My first blog post of 2019 comes two almost months after my last post. I’ve cut the time in between posts by 66% this year. It’s Day 41 and I’m already winning!

It’s also been 3 years, 1 month, 1 week, and 2 days since I moved to the Boston area. The passage of this time has never quite affected me as much as it did this morning when I activated my new HSA card. The friendly automated voice told me that the company issues a new card every three years.

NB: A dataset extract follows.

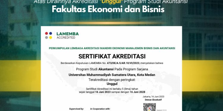 The Accounting Study Program at the Faculty of Economics and Business, Universitas Muhammadiyah Sumatera Utara (FEB UMSU), has successfully achieved excellent accreditation from the Independent Accreditation Agency for Economics, Business Management, and Accounting (LAMEMBA).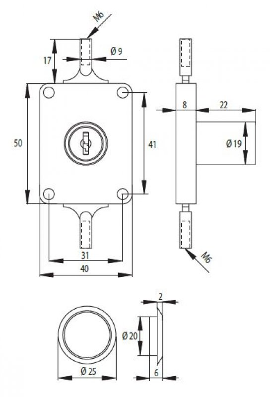 zámek, rozeta, 2ks klíče, 4ks vodítko tyče, 2ks zarážka

Who knew WageWorks was counting too?!

Now that the reaccreditation visit is four weeks away, I’ve directed my energy toward my manuscript. I’m fortunate enough to work at a college where I can audit a course with a Pulitzer Prize-winning and National Book Award-winning poet and that his course meets late afternoons once a week. I’ll have to come to work early and/or stay late in order to make up the time, but it’s a small sacrifice for the opportunity to learn and contribute to a community of poets on a weekly basis. I had a poem workshopped in the second class. I wasn’t quite sure about getting feedback from students—any of whom could be my child had I made different life choices. However, they had thoughtful suggestions and helped me to see how my poem resonated with their experiences.

As if taking a class on campus isn’t cool enough, I’ve been invited to submit a poem for MBTA’s Poetry on the T and to read with Lynne Viti on BlogTalk Radio’s Quintessential Listening program (check out this episode with writing faculty member, Heather Bryant).    These opportunities certainly make me feel like 2019 is indeed my year to flourish. Flourish is the one word I have chosen to embody this year, an idea inspired by this post by a friend on the OneWord365 website. I’m looking forward to what the other 324 days will bring.